Data extracted from a collection
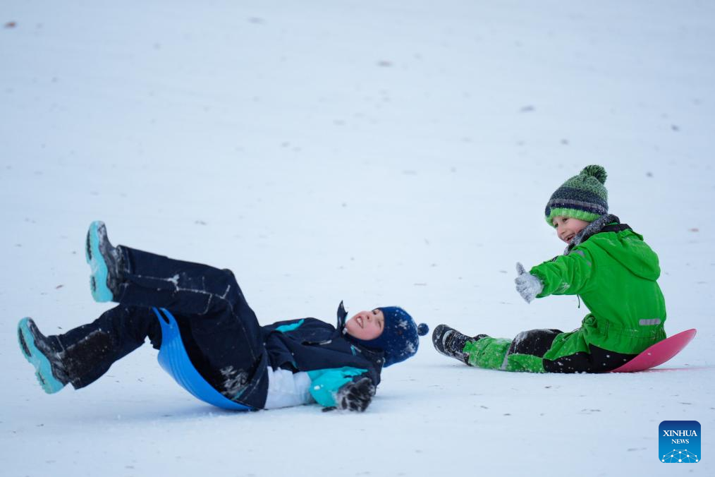 Children play in the snow at a park in Warsaw, Poland on Jan. 4, 2026. Warsaw has recently seen continuous snowfall, bringing residents outdoors to enjoy winter activities. (Photo by Jaap Arriens/Xinhua)
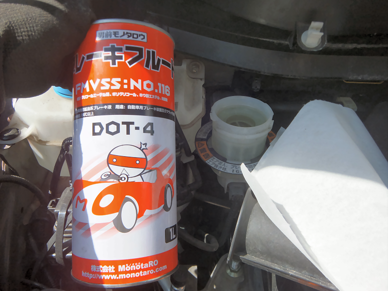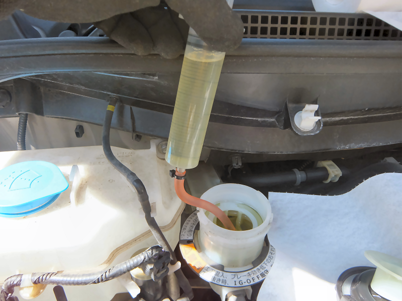 ブレーキフルードを交換します。 前回の車検の時にも交換しているので、少し色が付いた程度です。 |
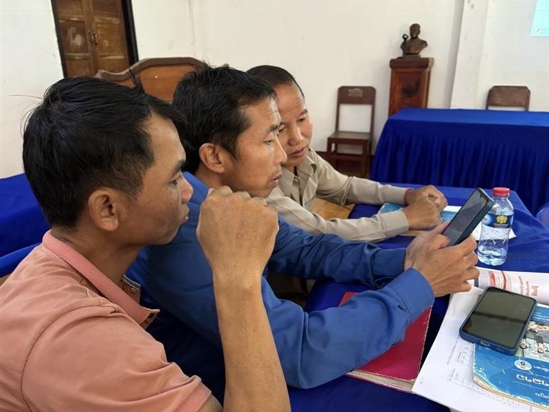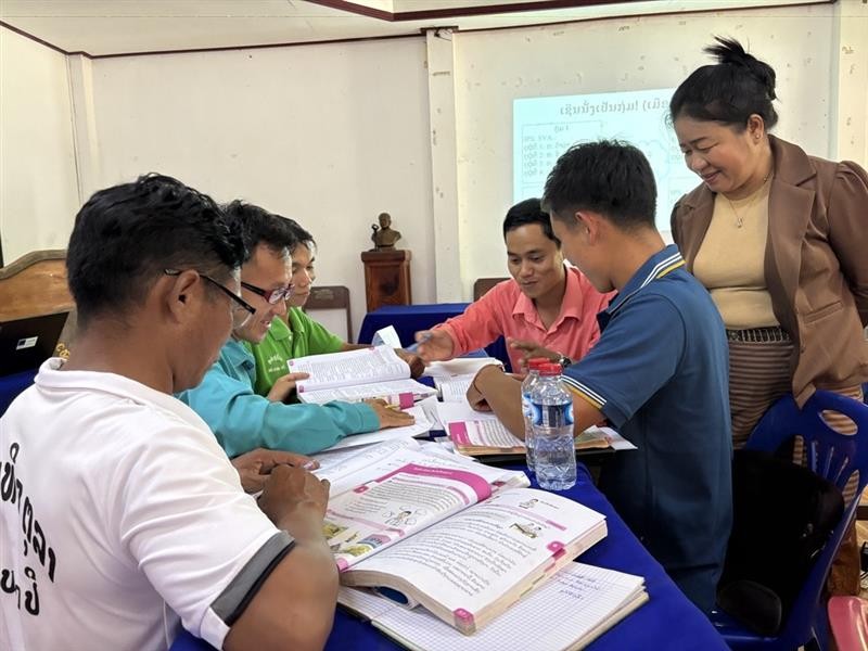 教科書とラオス語教科のハンドブックの学習会を模擬体験している様子
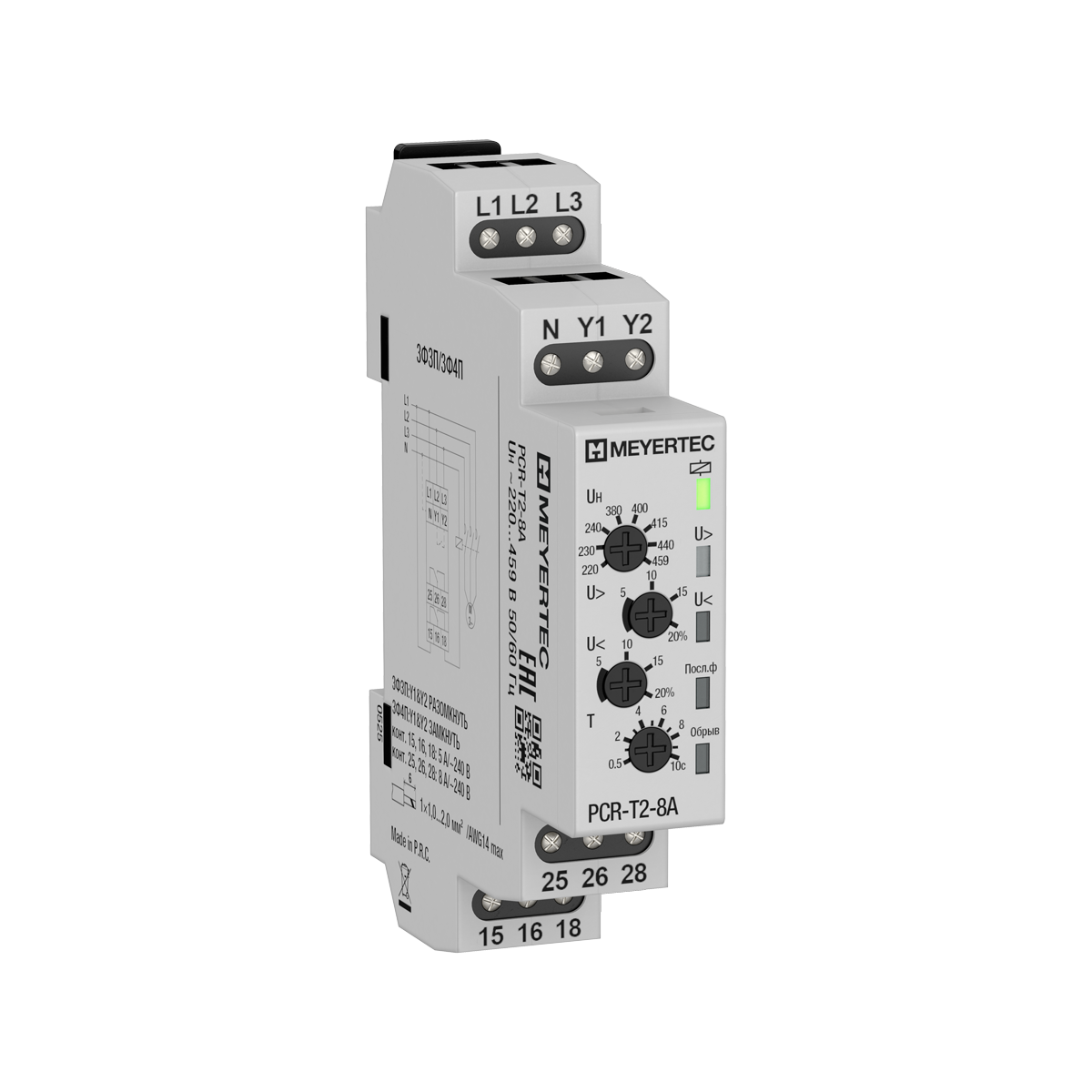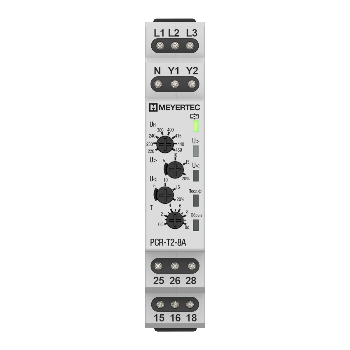 Модульное реле контроля фаз MEYERTEC PCR предназначено для надёжного контроля параметров трёхфазной сети до 1000 В.
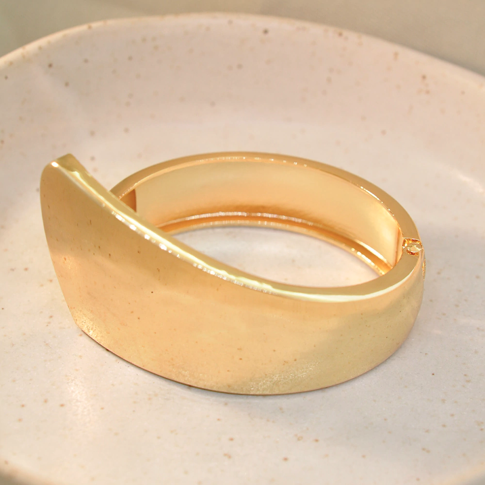 O bracelete Diana é uma bijuteria em metal dourado, com uma ponta, que promove estilo e elegância moderna e ousadia. Com um design único que destaca formas pontiagudas, esta peça foi criada para quem busca um acessório marcante e cheio de personalidade. Ideal para quem gosta de destacar sua personalidade através do design.
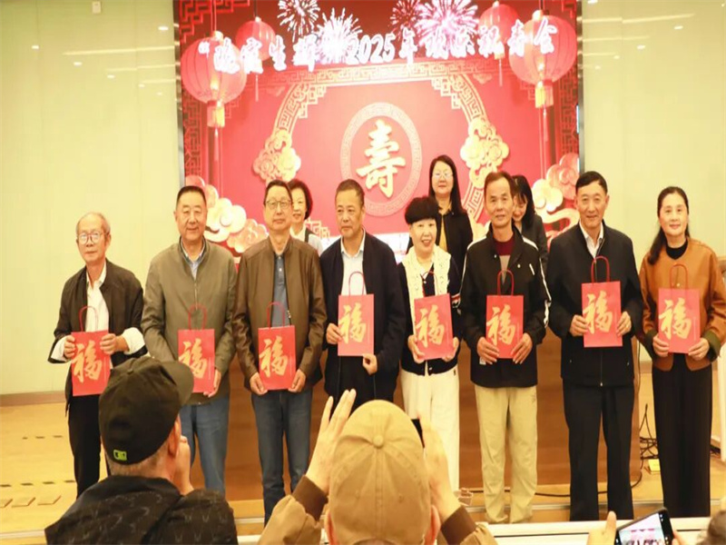 在温馨的乐曲中,教育局领导向全体寿星送上贺礼。各校退教工作负责人作为代表上台接受这份饱含深情的节日礼物,现场洋溢着感动与欢笑。
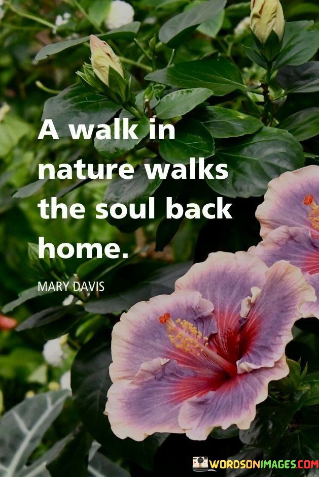 This quote means that being in nature can bring calmness to our inner self. When we're surrounded by nature, our soul feels a sense of belonging and peace.
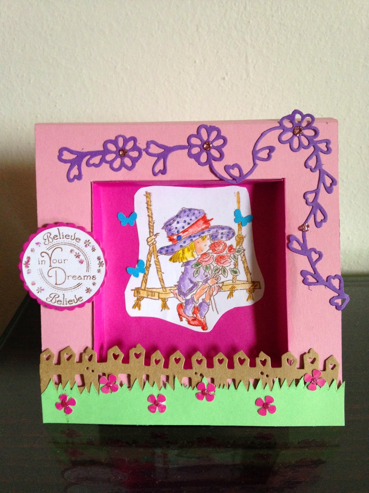 Ecco qua il mio lavoro, si tratta di una particolare struttura che si chiama "frame card". Io ho seguito il video tutorial della bravissima Sandra Ghidara per realizzarlo, vi lascio il link per chi fosse interessato.

• [EXERCISE REQUIREMENTS] Transcribe each entry above exactly, apart from the pictures.

• [REPLY TO THE EXERCISE]
 Children play in the snow at a park in Warsaw, Poland on Jan. 4, 2026. Warsaw has recently seen continuous snowfall, bringing residents outdoors to enjoy winter activities. (Photo by Jaap Arriens/Xinhua)
 ブレーキフルードを交換します。 前回の車検の時にも交換しているので、少し色が付いた程度です。 |
 教科書とラオス語教科のハンドブックの学習会を模擬体験している様子
 Модульное реле контроля фаз MEYERTEC PCR предназначено для надёжного контроля параметров трёхфазной сети до 1000 В.
 O bracelete Diana é uma bijuteria em metal dourado, com uma ponta, que promove estilo e elegância moderna e ousadia. Com um design único que destaca formas pontiagudas, esta peça foi criada para quem busca um acessório marcante e cheio de personalidade. Ideal para quem gosta de destacar sua personalidade através do design.
 在温馨的乐曲中,教育局领导向全体寿星送上贺礼。各校退教工作负责人作为代表上台接受这份饱含深情的节日礼物,现场洋溢着感动与欢笑。
 This quote means that being in nature can bring calmness to our inner self. When we're surrounded by nature, our soul feels a sense of belonging and peace.
 Ecco qua il mio lavoro, si tratta di una particolare struttura che si chiama "frame card". Io ho seguito il video tutorial della bravissima Sandra Ghidara per realizzarlo, vi lascio il link per chi fosse interessato.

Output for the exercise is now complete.